Potential investors had placed orders for all the shares within hours of the company’s launch last week.
The government, which is selling up to 62 per cent of the business and will keep the rest, has said around 30 per cent of the shares on offer are expected to go to individual members of the public, who must spend a minimum of £750 to invest in the company.
The flotation will be the largest Initial Public Offering (IPO) on the UK stock market this year.
A further 10 per cent is to be handed to staff in the largest share giveaway of any major UK privatisation.

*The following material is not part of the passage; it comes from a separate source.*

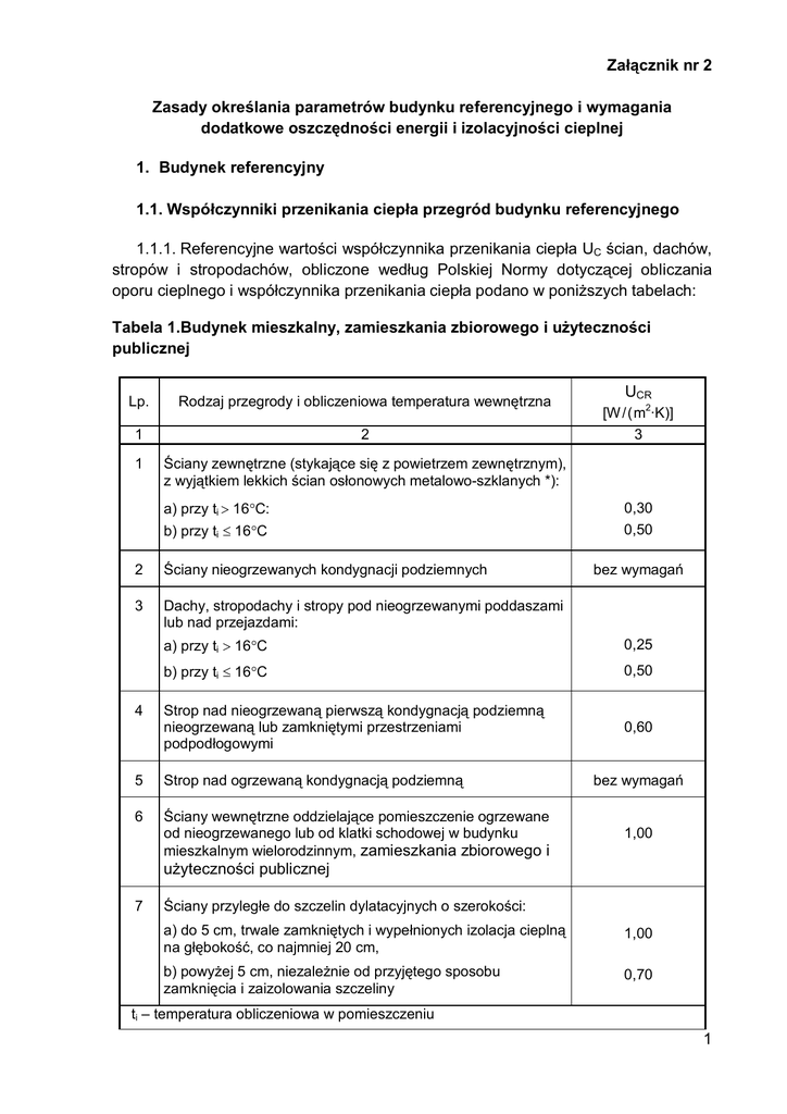 Załącznik nr 2 Zasady określania parametrów budynku referencyjnego i wymagania dodatkowe oszczędności energii i izolacyjności cieplnej 1. Budynek referencyjny 1.1. Współczynniki przenikania ciepła przegród budynku referencyjnego 1.1.1. Referencyjne wartości współczynnika przenikania ciepła UC ścian, dachów, stropów i stropodachów, obliczone według Polskiej Normy dotyczącej obliczania oporu cieplnego i współczynnika przenikania ciepła podano w poniższych tabelach: Tabela 1.Budynek mieszkalny, zamieszkania zbiorowego i użyteczności publicznej Lp. Rodzaj przegrody i obliczeniowa temperatura wewnętrzna 1 2 1 Ściany zewnętrzne (stykające się z powietrzem zewnętrznym), z wyjątkiem lekkich ścian osłonowych metalowo-szklanych *): a) przy ti > 16°C: b) przy ti ≤ 16°C 2 Ściany nieogrzewanych kondygnacji podziemnych 3 Dachy, stropodachy i stropy pod nieogrzewanymi poddaszami lub nad przejazdami: 4 UCR [W /(m2∙K)] 3 0,30 0,50 bez wymagań a) przy ti > 16°C 0,25 b) przy ti ≤ 16°C 0,50 Strop nad nieogrzewaną pierwszą kondygnacją podziemną nieogrzewaną lub zamkniętymi przestrzeniami podpodłogowymi 0,60 5 Strop nad ogrzewaną kondygnacją podziemną 6 Ściany wewnętrzne oddzielające pomieszczenie ogrzewane od nieogrzewanego lub od klatki schodowej w budynku mieszkalnym wielorodzinnym, zamieszkania zbiorowego i bez wymagań 1,00 użyteczności publicznej 7 Ściany przyległe do szczelin dylatacyjnych o szerokości: a) do 5 cm, trwale zamkniętych i wypełnionych izolacja cieplną na głębokość, co najmniej 20 cm, 1,00 b) powyżej 5 cm, niezależnie od przyjętego sposobu zamknięcia i zaizolowania szczeliny 0,70 ti – temperatura obliczeniowa w pomieszczeniu 1 Tabela 2. Budynek produkcyjny, magazynowy i gospodarczy Lp. Rodzaj przegrody i obliczeniowa temperatura wewnętrzna 1 2 1 Ściany zewnętrzne (stykające się z powietrzem zewnętrznym), z wyjątkiem lekkich ścian osłonowych metalowo-szklanych *): 3 0,30 b) przy 8°C < ti ≤ 16°C 0,65 c) przy ti ≤ 8°C 0,90 Ściany nieogrzewanych kondygnacji podziemnych 3 Dachy, stropodachy i stropy pod nieogrzewanymi poddaszami lub nad przejazdami: 5 [W /(m2∙K)] a) przy ti > 16°C: 2 4 UCR bez wymagań a) przy ti > 16°C 0,25 b) przy 8°C < ti ≤ 16°C 0,50 c) przy ti ≤ 8°C 0,70 Strop nad nieogrzewaną pierwszą kondygnacją podziemną nieogrzewaną lub zamkniętymi przestrzeniami podpodłogowymi 0,60 Ściany wewnętrzne i stropy międzykondygnacyjne: a) przy ti > 16°C 1,00 b) przy 8°C < ti ≤ 16°C 1,40 c) przy ti ≤ 8°C bez wymagań ti – temperatura obliczeniowa w pomieszczeniu lub określana indywidualnie w projekcie technologicznym 1.1.2. Referencyjne wartości współczynnika przenikania ciepła UW okien, świetlików, UD drzwi balkonowych, drzwi zewnętrznych, wrót oraz drzwi wejściowych do mieszkań w budynkach mieszkalnych wielorodzinnych, obliczone według Polskiej Normy dotyczącej właściwości użytkowych okien i drzwi, podano w poniższych tabelach: 2 Tabela 3. Budynek mieszkalny, zamieszkania zbiorowego i użyteczności publicznej Lp. Okna, drzwi balkonowe, świetliki, drzwi zewnętrzne, wrota i drzwi wejściowe do mieszkań w budynkach wielorodzinnych UWR, UDR [W /(m2· K)] 1 2 3 1 Okna, drzwi balkonowe, świetliki i przegrody przezroczyste nieotwierane w przegrodach zewnętrznych (stykających się z powietrzem zewnętrznym): 2 3 a) przy ti ≥ 16°C b) przy ti < 16°C Okna w ścianach oddzielających ogrzewane od nieogrzewanych 1,80 2,60 pomieszczenia 2,60 Drzwi zewnętrzne, drzwi wejściowe do mieszkań w budynkach wielorodzinnych oraz wrota do ogrzewanych garaży 2,60 ti - temperatura obliczeniowa w pomieszczeniu Tabela 4. Budynek produkcyjny, magazynowy i gospodarczy Lp. Okna, świetliki, drzwi i wrota UW R, UDR [W /(m2· K)] 1 2 3 1 2. 2. Okna i świetliki w przegrodach zewnętrznych: a) przy ti ≥ 16°C b) przy 8°C ≤ ti < 16°C c) przy ti < 8°C Okna w ścianach oddzielających ogrzewane od nieogrzewanych 1,80 2,60 bez wymagań pomieszczenia 2,6 Drzwi i wrota w przegrodach zewnętrznych: a) przy ti ≥ 8°C b) przy ti < 8°C 2,60 bez wymagań ti - temperatura obliczeniowa w pomieszczeniu lub określana indywidualnie w projekcie technologicznym 3 1.2. Cechy energetyczne instalacji w budynku referencyjnym 1.2.1. Referencyjne wartości sprawności regulacji i wykorzystania ciepła ηH,e w instalacji ogrzewczej podano w poniższej tabeli: Lp. 1 2 3 Rodzaj grzejnika lub instalacji ηH,e R Elektryczne grzejniki bezpośrednie oraz centralne ogrzewanie wodne z grzejnikami członowymi, płytowymi lub podłogowymi w przypadku regulacji centralnej adaptacyjnej i miejscowej Elektryczne grzejniki akumulacyjne, w tym podłogowe Centralne ogrzewanie z grzejnikami członowymi, płytowymi lub podłogowymi w przypadku regulacji centralnej i miejscowej 0,98 1.2.2. Referencyjne wartości sprawności przesyłu ciepła ηH,d ogrzewczej podano w poniższej tabeli: Lp. 1 2 3 R 0,90 0,95 R w instalacji Rodzaj instalacji ogrzewczej ηH,d R Źródło ciepła w pomieszczeniu (ogrzewanie elektryczne, kominek) lub ogrzewanie mieszkaniowe (kocioł gazowy lub niniwęzeł) Ogrzewanie centralne wodne z lokalnego źródła ciepła usytuowanego w ogrzewanym budynku, z zaizolowanymi przewodami, armaturą i urządzeniami, które są zainstalowane w pomieszczeniach ogrzewanych oraz ogrzewanie powietrzne Ogrzewanie centralne wodne z lokalnego źródła ciepła usytuowanego w ogrzewanym budynku, z zaizolowanymi przewodami, armaturą i urządzeniami, które są zainstalowane w pomieszczeniach nieogrzewanych 1,0 0,95 0,92 1.2.3. Referencyjne wartości sprawności akumulacji ciepła w instalacji ogrzewczej ηH,s R podano w poniższej tabeli: Lp. 1 2 3. Usytuowanie zasobnika buforowego Bufor w systemie grzewczym wewnątrz osłony termicznej budynku Bufor w systemie grzewczym na zewnątrz osłony termicznej budynku Brak zasobnika buforowego ηH,s R 0,95 0,92 1,00 4 1.2.4. Referencyjne wartości sprawno

If distributed equally among the eligible 150,000 United Kingdom-based workers, each could receive £2,200 worth.
Order books are due to close on Tuesday, with the shares beginning conditional trading in London on 11 October.
However, the sale has been criticised by the Labour Party and unions, who are balloting for strike action.
Shadow business secretary Chuka Umunna expressed concern over the possible sale of Royal Mail sites after the privatisation.
He warned of fears that once the privatisation is complete these assets – many in prime locations – will be sold, giving a large windfall to investors, while the taxpayer is “short-changed”.
He also warned that customers could be left having to trek miles to inconveniently sited delivery offices.
“Royal Mail has a huge property portfolio in prime development sites in London and across Britain and there is nothing to stop the privatised company making a quick buck by flogging off these assets for development,” he said.
In the official prospectus for the share issuing, the Royal Mail highlights three sites in London at Mount Pleasant, Nine Elms and Paddington as being “surplus”, with some reports saying they were worth between £500 million and £1bn.
The Royal Mail also warned in the prospectus that industrial action posed a potential risk for the share price.
The statement said: “National industrial action, or the threat of national industrial action… could also have a material adverse effect on the success of the offer and, if it occurs after admission, could cause the price of ordinary shares to fall significantly.”
Members of the Communication Workers Union are currently voting on whether to strike over issues linked to the privatisation, although it is believed that the ballot will close after the Royal Mail is due to make its market debut.